### REQUIRED ACTION
What you return should match every record exactly, with the images removed.
** Opening DATA FOR REVIEW block **
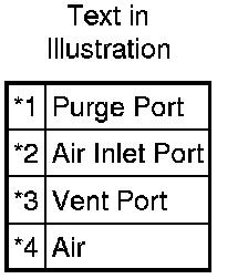 (1) With the purge port closed, blow 5 kPa (0.1 kgf/cm2, 0.7 psi) of air into the vent port, and check that air flows from the air inlet port.
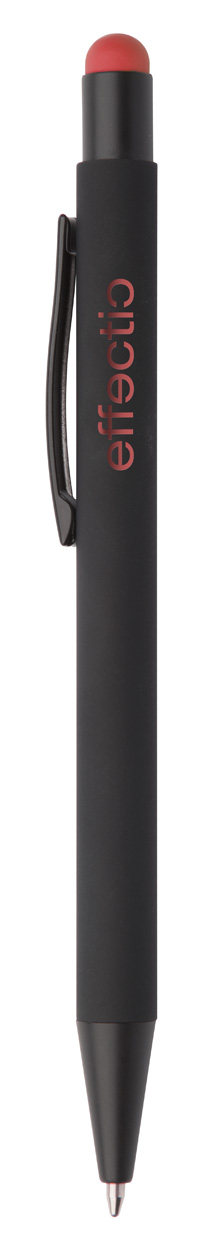 Hliníkové kuličkové a dotykové pero s pogumovanou úpravou a speciálním povrchem pro zrcadlový laser v barvě stylusu, s modrou náplní.
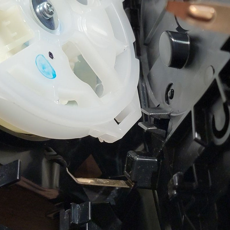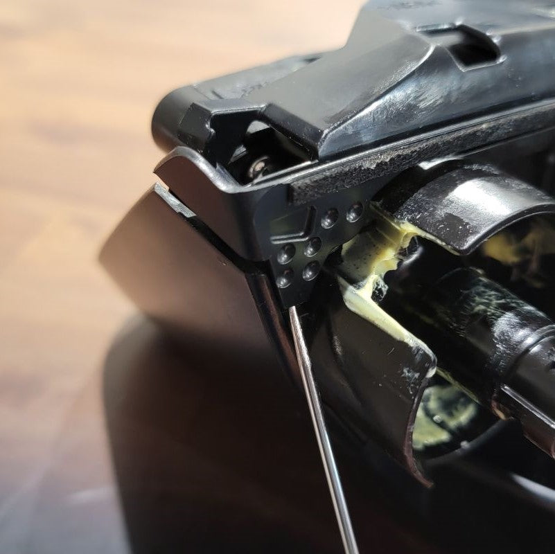 Bring out your needle nose pliers for this step. The metal clip here is keeping the mirror spring-loaded in open and closed detents.
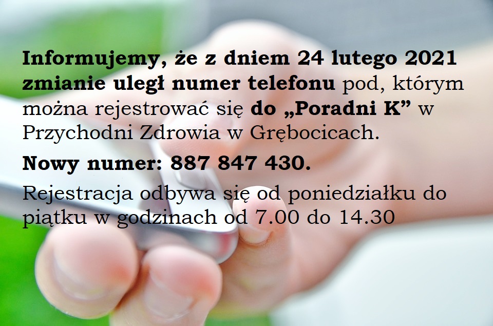 Informujemy, że z dniem 24 lutego 2021 zmianie uległ numer telefonu pod, którym można rejestrować się do „Poradni K” w Przychodni Zdrowia w Grębocicach. Nowy numer: 887 847 430. Rejestracja odbywa się od poniedziałku do piątku w godzinach od 7.00 do 14.30
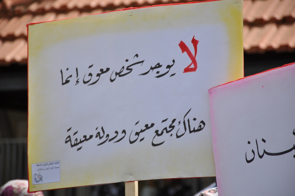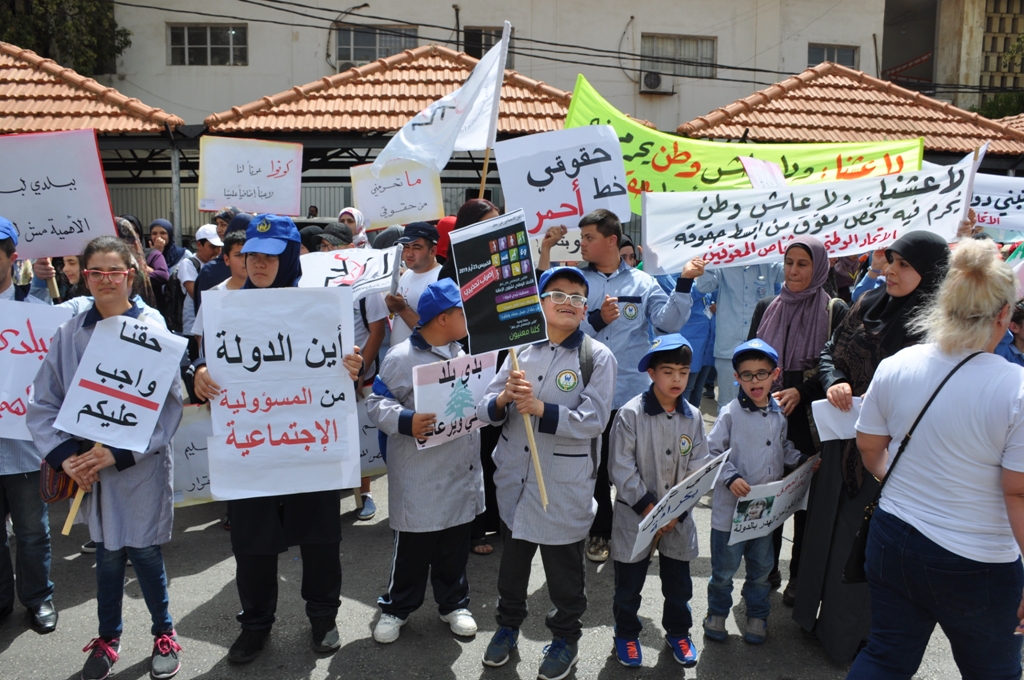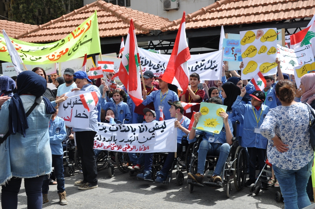 نظم الاتحاد الوطني لشؤون الاعاقة وجمعيتي " تمكين للعيش باستقلالية "، وجمعية المنى التخصصية " عيون " البراءة اعتصاما مع طلاب وطالبات المدارس التي تتبع للجمعيتين امام السراي الحكومي في النبطية استنكارا على تقليص ميزانية وزارة الشؤون الاجتماعية في الموازنة .
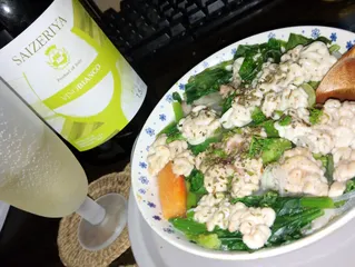 鱈の親子鍋 夕方値引きで鱈のアラとたちをお安くゲットしたので、まだまだ寒いし鍋にしよう!と思いたち〜。AIにオススメレシピを聞いた結果、アクアパッツァ風。レンジ加熱でちょっと吹きこぼれてしまったけど、美味しく出来てお酒も進む♪日本酒に合わせたレシピも提案してもらったので、明日は和風で飲もうかしら。
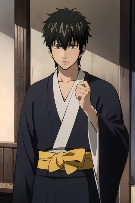 Regular Kimono: black kimono, sash
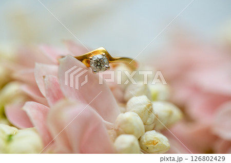 Gold ring , Wedding ring,Diamond ring on the flowers.
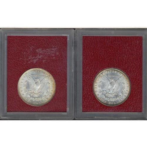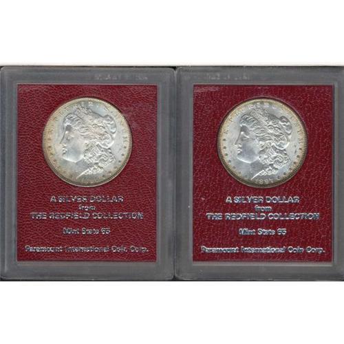 <b>Lot of Two Redfield Morgan Dollars. Both Net grade MS63.</b> Includes an 1896 MS65 Redfield Morgan dollar and an 1897 MS65 Redfield Morgan dollar. Both net grade MS63. Lot of 2 coins.
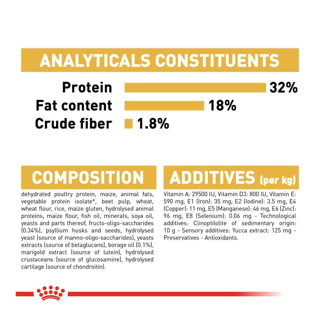 Poultry protein (dried), maize, animal fat, vegetable protein isolate, dried sugar beet pulp, wheat, wheat meal, rice, maize gluten meal, animal protein (hydrolysed), maize meal, fish oil, minerals, soya oil, yeast and derivatives thereof, fructooligosaccharides (0.34%), psyllium (husks and seeds), yeast hydrolysate (source of mannanoligosaccharides), yeast extract (source of beta-glucane), borage oil (0.1%), marigold meal (source of lutein), hydrolysate from crustaceans (source of glucosamine), hydrolysate from cartilage (source of chondroitin)
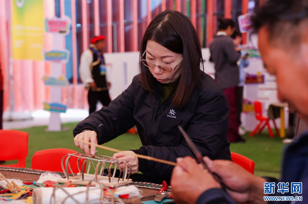 5月18日,參觀者體驗(yàn)牦牛皮產(chǎn)品制作。(受訪者供圖)
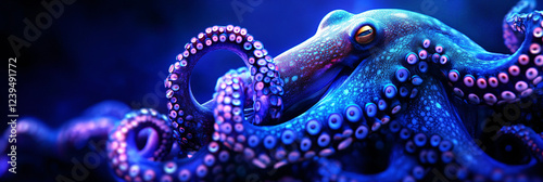 © Oleksandr, Obraz premium Neon octopus tentacles glowing in the depths of a dark sea.
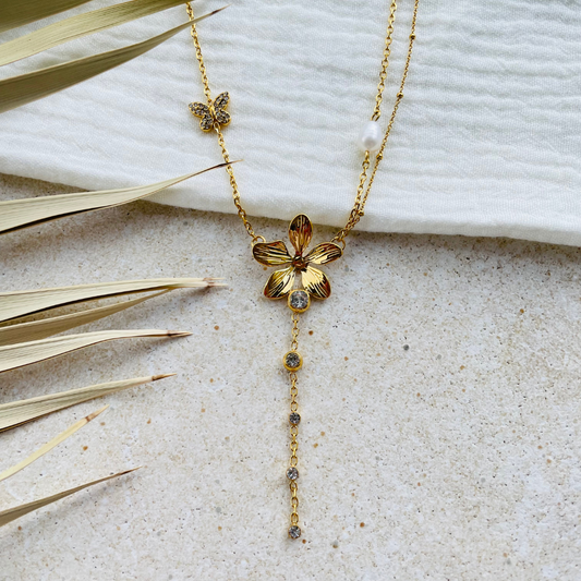Edelstahl Kette "Fleur Gold" 14K vergoldet
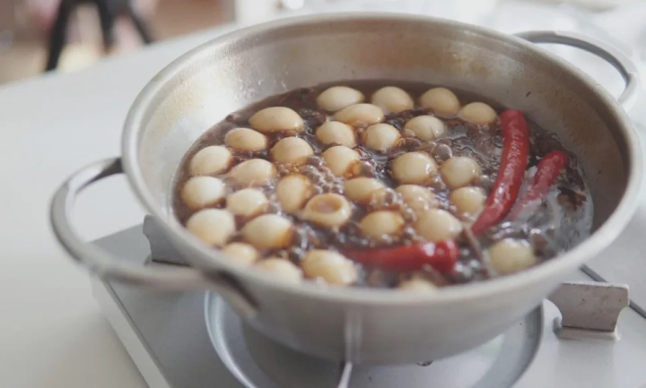 15분 정도 끓인 후 준비해놓은 메추리알을 넣고
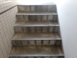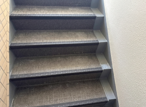 ・・・コンクリートだった階段・廊下の上に滑りずらい・デザイン性あるシートを張りました。
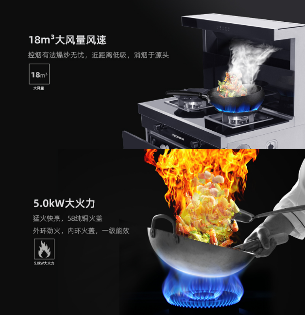 5.0kW大火力,58純銅火蓋,猛火快烹,外環(huán)勁火,一級能效,18m3颶風吸力,低空近吸,控煙有道,爆炒無憂。
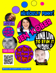 Originally from Lake Charles, LA - Jen Kober has bounded onto the national stage bringing crowds to their feet with her original blend of stand-up, story telling, and improvised rock-n-roll comedy. Her hard-hitting hour is phenomenally funny as Kober commands the stage and dares you not to laugh.
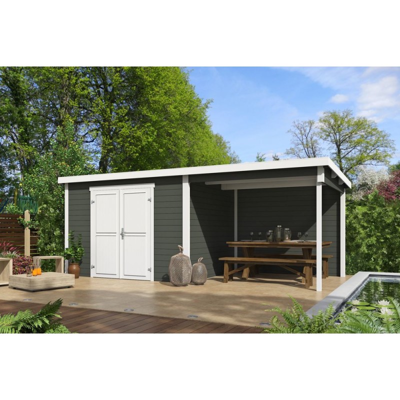 Blokhut Dahlia 3 + Overkapping 550x250 28 mm Green Grey-Wit
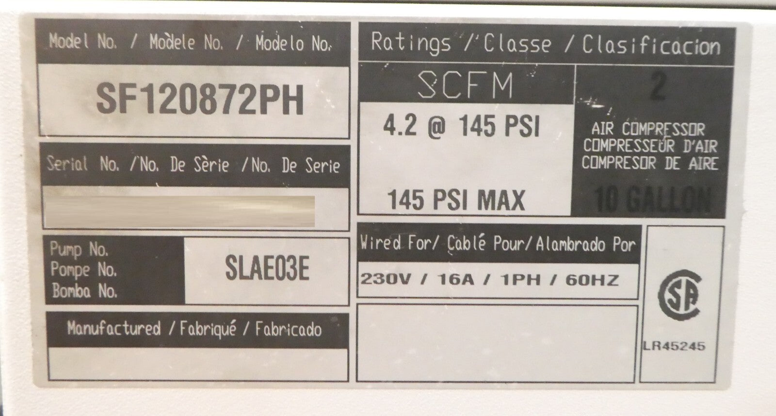 Powerex SF120872PH Clean Air Compressor SLAE03E Spectrometer Laboratory Untested As-Is
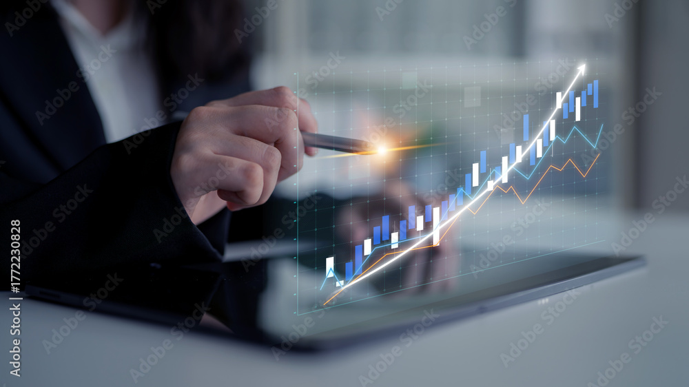 Samolepka A professional individual analyzes data on a tablet, showcasing digital graphs and charts that represent growth and financial performance in a modern workspace
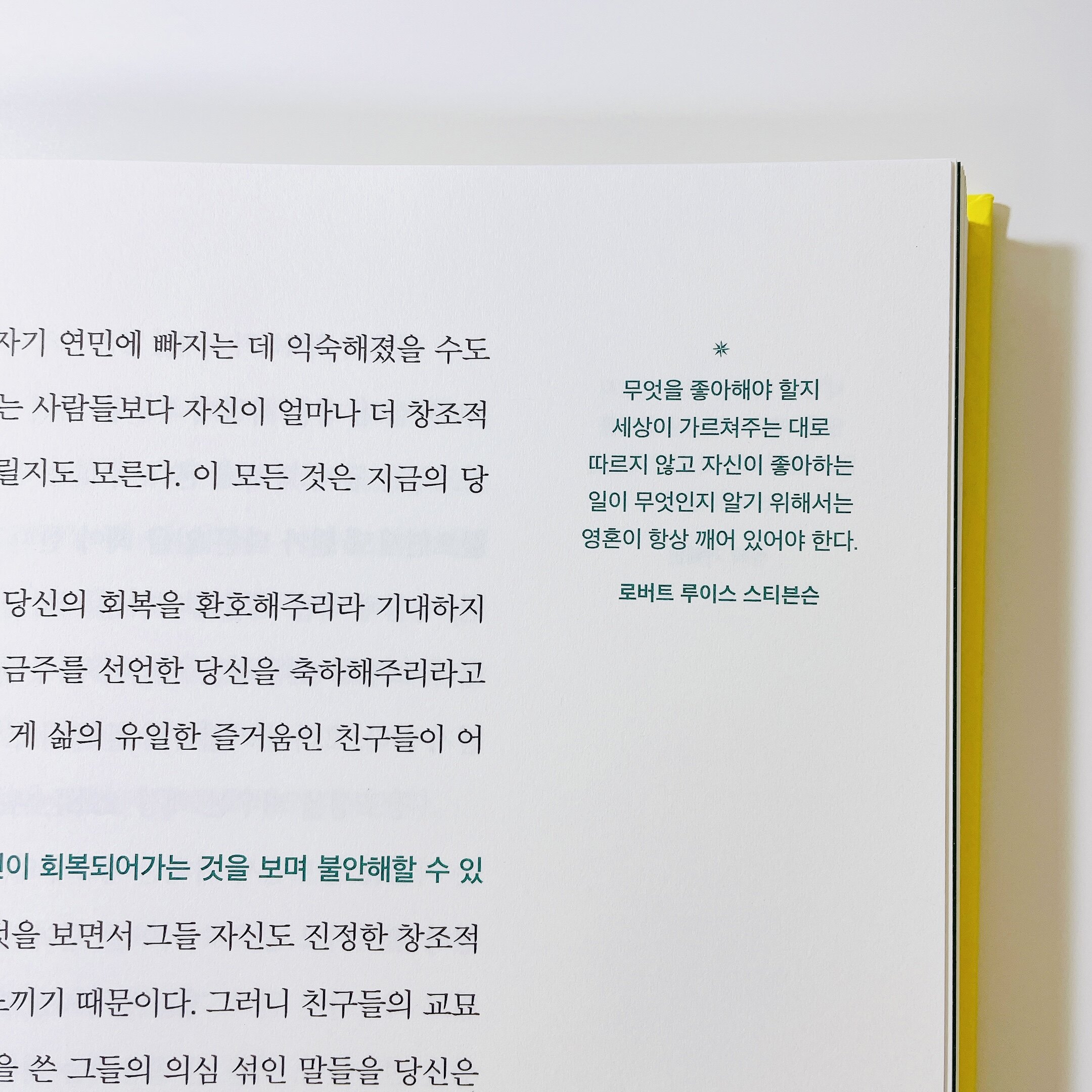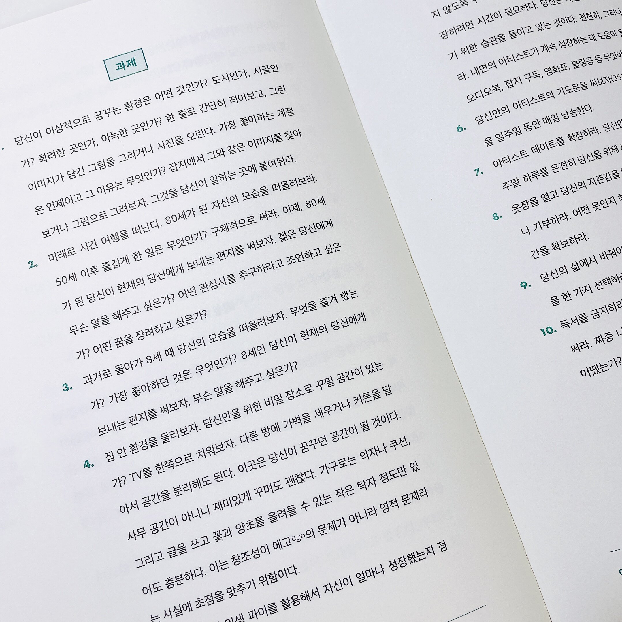 〈아티스트 웨이〉는 평범한 일상에 작은 활력을 불어넣는다. 저자가 소개한 12주간의 창의력 회복 프로그램을 따라 매일 아침 ‘모닝 페이지’로 복잡한 생각들을 쏟아내고, ‘아티스트 데이트’를 통해 내면의 어린 아티스트를 기르며. 포장을 걷어낸 솔직한 내 마음을 들여다보고, 이전엔 보지 못했던 ‘새로운 나’의 모습을 발견할 수 있었다. 머릿속을 가득 채운 생각들과 심한 감정 기복으로 고민이라면, 줄리아 캐머런의 〈아티스트 웨이〉와 함께 마음의 소리에 귀를 기울여 보는 것도 좋겠다.
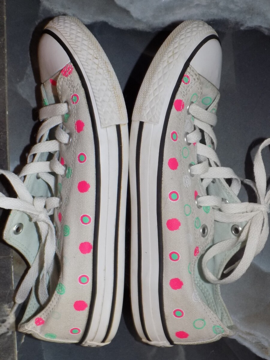 Converse All Star Polka Dot Ox Gray,Pink,&Green Colorway Sneakers Size 3 Juniors
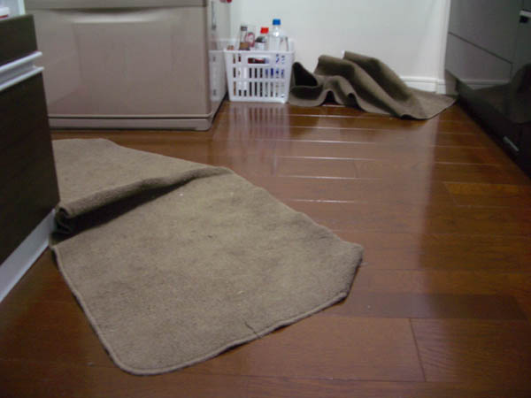 毛布やフリースを噛み、
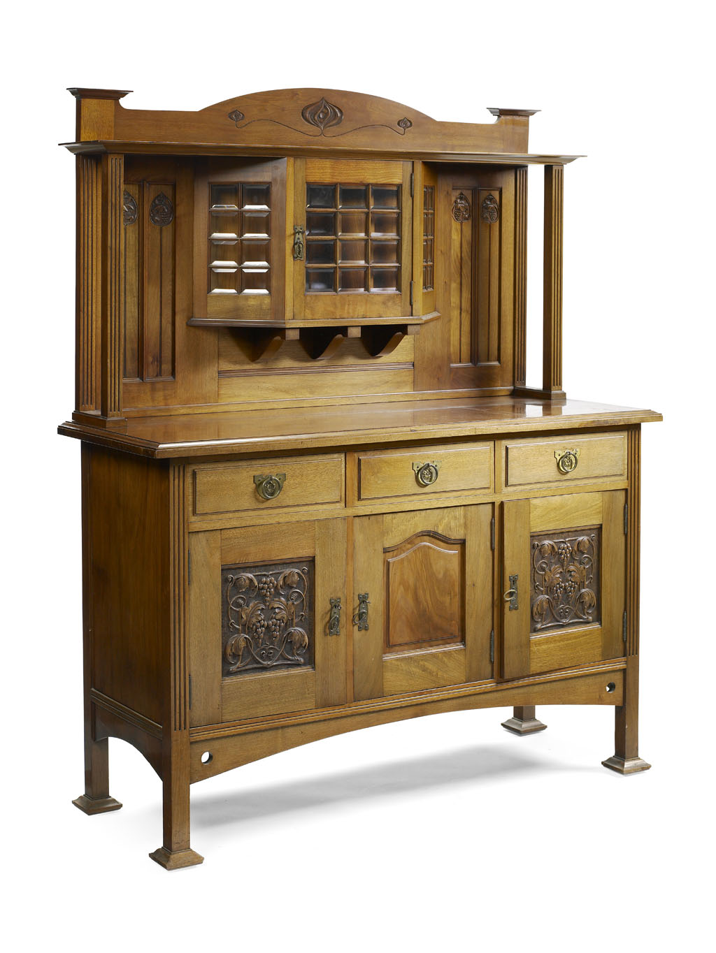 walnut, the back with central astragal glazed cupboard flanked by carved panels, the base with rectangular top above three drawers and doors with vine-carved panels, the whole raised on square feet
** Closing DATA FOR REVIEW block **
### ANSWER TO THIS PROBLEM
 (1) With the purge port closed, blow 5 kPa (0.1 kgf/cm2, 0.7 psi) of air into the vent port, and check that air flows from the air inlet port.
 Hliníkové kuličkové a dotykové pero s pogumovanou úpravou a speciálním povrchem pro zrcadlový laser v barvě stylusu, s modrou náplní.
 Bring out your needle nose pliers for this step. The metal clip here is keeping the mirror spring-loaded in open and closed detents.
 Informujemy, że z dniem 24 lutego 2021 zmianie uległ numer telefonu pod, którym można rejestrować się do „Poradni K” w Przychodni Zdrowia w Grębocicach. Nowy numer: 887 847 430. Rejestracja odbywa się od poniedziałku do piątku w godzinach od 7.00 do 14.30
 نظم الاتحاد الوطني لشؤون الاعاقة وجمعيتي " تمكين للعيش باستقلالية "، وجمعية المنى التخصصية " عيون " البراءة اعتصاما مع طلاب وطالبات المدارس التي تتبع للجمعيتين امام السراي الحكومي في النبطية استنكارا على تقليص ميزانية وزارة الشؤون الاجتماعية في الموازنة .
 鱈の親子鍋 夕方値引きで鱈のアラとたちをお安くゲットしたので、まだまだ寒いし鍋にしよう!と思いたち〜。AIにオススメレシピを聞いた結果、アクアパッツァ風。レンジ加熱でちょっと吹きこぼれてしまったけど、美味しく出来てお酒も進む♪日本酒に合わせたレシピも提案してもらったので、明日は和風で飲もうかしら。
 Regular Kimono: black kimono, sash
 Gold ring , Wedding ring,Diamond ring on the flowers.
 <b>Lot of Two Redfield Morgan Dollars. Both Net grade MS63.</b> Includes an 1896 MS65 Redfield Morgan dollar and an 1897 MS65 Redfield Morgan dollar. Both net grade MS63. Lot of 2 coins.
 Poultry protein (dried), maize, animal fat, vegetable protein isolate, dried sugar beet pulp, wheat, wheat meal, rice, maize gluten meal, animal protein (hydrolysed), maize meal, fish oil, minerals, soya oil, yeast and derivatives thereof, fructooligosaccharides (0.34%), psyllium (husks and seeds), yeast hydrolysate (source of mannanoligosaccharides), yeast extract (source of beta-glucane), borage oil (0.1%), marigold meal (source of lutein), hydrolysate from crustaceans (source of glucosamine), hydrolysate from cartilage (source of chondroitin)
 5月18日,參觀者體驗(yàn)牦牛皮產(chǎn)品制作。(受訪者供圖)
 © Oleksandr, Obraz premium Neon octopus tentacles glowing in the depths of a dark sea.
Edelstahl Kette "Fleur Gold" 14K vergoldet
 15분 정도 끓인 후 준비해놓은 메추리알을 넣고
 ・・・コンクリートだった階段・廊下の上に滑りずらい・デザイン性あるシートを張りました。
 5.0kW大火力,58純銅火蓋,猛火快烹,外環(huán)勁火,一級能效,18m3颶風吸力,低空近吸,控煙有道,爆炒無憂。
 Originally from Lake Charles, LA - Jen Kober has bounded onto the national stage bringing crowds to their feet with her original blend of stand-up, story telling, and improvised rock-n-roll comedy. Her hard-hitting hour is phenomenally funny as Kober commands the stage and dares you not to laugh.
 Blokhut Dahlia 3 + Overkapping 550x250 28 mm Green Grey-Wit
 Powerex SF120872PH Clean Air Compressor SLAE03E Spectrometer Laboratory Untested As-Is
 Samolepka A professional individual analyzes data on a tablet, showcasing digital graphs and charts that represent growth and financial performance in a modern workspace
 〈아티스트 웨이〉는 평범한 일상에 작은 활력을 불어넣는다. 저자가 소개한 12주간의 창의력 회복 프로그램을 따라 매일 아침 ‘모닝 페이지’로 복잡한 생각들을 쏟아내고, ‘아티스트 데이트’를 통해 내면의 어린 아티스트를 기르며. 포장을 걷어낸 솔직한 내 마음을 들여다보고, 이전엔 보지 못했던 ‘새로운 나’의 모습을 발견할 수 있었다. 머릿속을 가득 채운 생각들과 심한 감정 기복으로 고민이라면, 줄리아 캐머런의 〈아티스트 웨이〉와 함께 마음의 소리에 귀를 기울여 보는 것도 좋겠다.
 Converse All Star Polka Dot Ox Gray,Pink,&Green Colorway Sneakers Size 3 Juniors
 毛布やフリースを噛み、
 walnut, the back with central astragal glazed cupboard flanked by carved panels, the base with rectangular top above three drawers and doors with vine-carved panels, the whole raised on square feet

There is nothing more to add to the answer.